For this lab, we'll use [CIFAR10 dataset](https://www.cs.toronto.edu/~kriz/cifar.html) which contains 60,000 images with 10 object classes: airplane, car, bird, cat, deer, dog, frog, horse, ship, and truck. Each image has 32x32 dimension with 3 color channels. Each object has exactly one object.

Let's start by loading required modules.

In [None]:
import numpy as np
from matplotlib import pyplot as plt
import datetime

import mxnet as mx
import mxnet.ndarray as nd
from mxnet import gluon
from mxnet.gluon import nn, loss, Trainer
from mxnet.gluon.contrib.estimator import estimator
from mxnet.gluon.data import DataLoader, ArrayDataset
from mxnet.gluon.data.vision import transforms

In [None]:
# Define where to execute computations
device = mx.gpu() if mx.context.num_gpus() > 0 else mx.cpu()

## Data Processing

Data processing is critical for any computer vision problem. There are following common processing techniques:
- data augmentation by creating rotated, flipped, randomly cropped copies from original dataset;
- normalization of image (see details [here](https://en.wikipedia.org/wiki/Normalization_(image_processing)));
- converting images into format compatible with CNN architecture. 

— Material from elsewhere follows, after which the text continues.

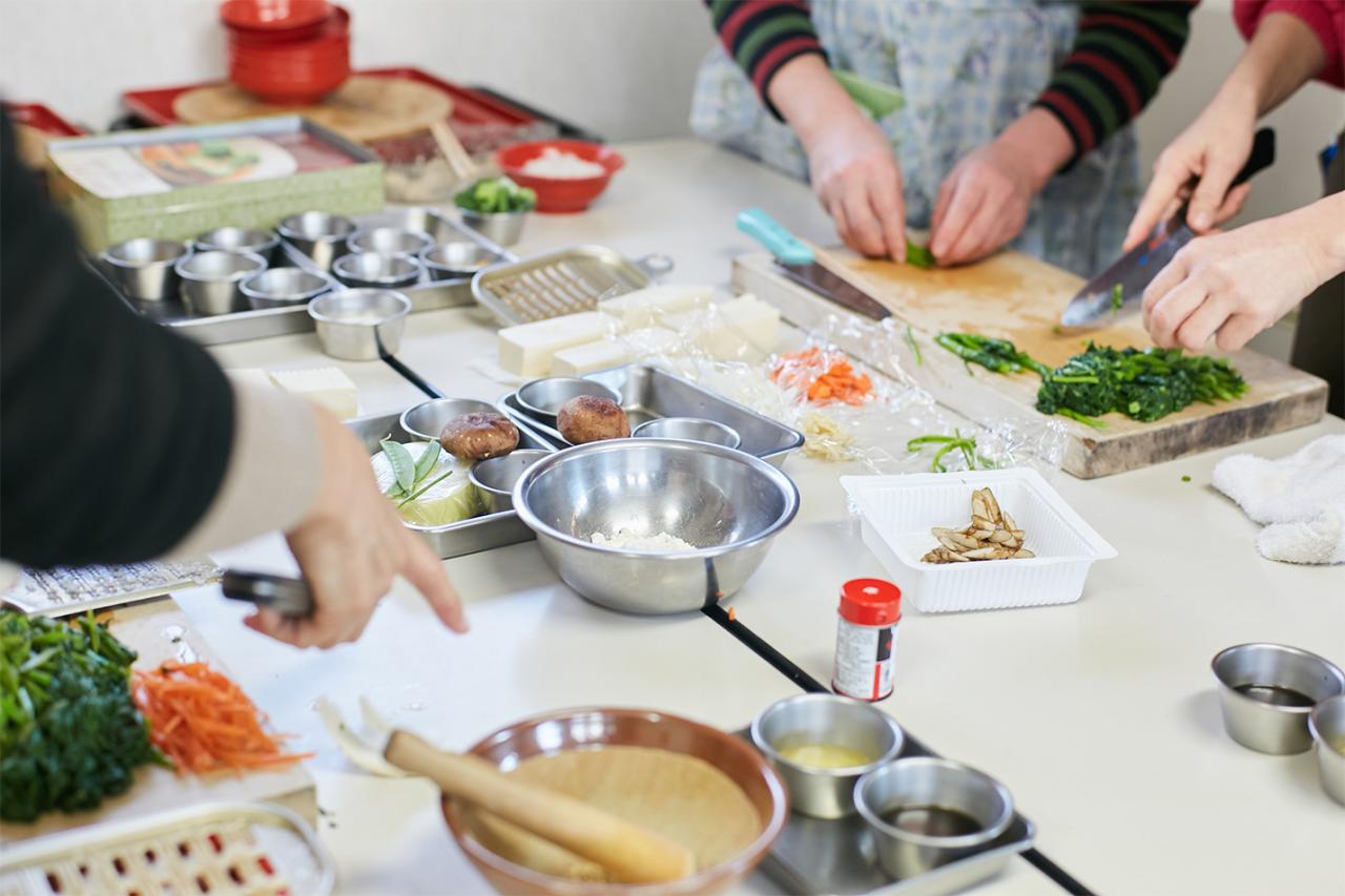 調理は3〜4人がひとつの班となり、協力して行う。先ほどの西川住職の教えをもとに各自で考えながら作業を進めるのが、この料理教室の特徴。野菜の皮や根を捨てずに使う、煮汁を活用するなど、食材を無駄にしないための方法を考え実行していく。洗い物をなるべく増やさないなど、水を無駄遣いしない意識も大事だ。

Gluon has built-in **vision.transform**  package wich implements common data transformation. 
Execute code cell below to create transformation pipeline for training dataset and answer following questions:
- Why most of transformations are random? 
- What data augmentation techniques do we use?
- How does it help to improve model's generalization power?

In [None]:
# Prepare training dataset
transform_train = transforms.Compose([
    # Randomly crop an area and resize it to be 32x32
    transforms.RandomResizedCrop(32, scale=(0.08, 1.0)),
    # Randomly flip the image horizontally
    transforms.RandomFlipLeftRight(),
    # Transpose the image from height*width*num_channels to num_channels*height*width
    # and map values from [0, 255] to [0,1]
    transforms.ToTensor(),
    # Normalize the image with mean and standard deviation calculated across all images
    transforms.Normalize([0.4914, 0.4822, 0.4465], # precomputed mean for CIFAR10 dataset across 3 color channels
                         [0.2023, 0.1994, 0.2010]  # precomputed standard deviation for CIFAR10 dataset across 3 color channels
                        )
])

Now, let's prepare test dataset transformation pipeline. Unlike in case of training dataset, we don't use any random transformation to have deterministic result. However, we still need to normalize image to make it more "machine friendly".

In [None]:
transform_test = transforms.Compose([
    transforms.ToTensor(),
    transforms.Normalize([0.4914, 0.4822, 0.4465], [0.2023, 0.1994, 0.2010])
])

Gluon provides a convenient way to retrieve CIFAR10 dataset and convert data into DataLoader objects.

In [None]:
# Batch Size for Each GPU
batch_size = 128
# Number of data loader workers
num_workers = 8

# Set train=True for training data
# Set shuffle=True to shuffle the training data
train_data = gluon.data.DataLoader(
    gluon.data.vision.CIFAR10(train=True).transform_first(transform_train),
    batch_size=batch_size, shuffle=True, last_batch='discard', num_workers=num_workers)

# Set train=False for validation data
test_data = gluon.data.DataLoader(
    gluon.data.vision.CIFAR10(train=False).transform_first(transform_test),
    batch_size=batch_size, shuffle=False, num_workers=num_workers)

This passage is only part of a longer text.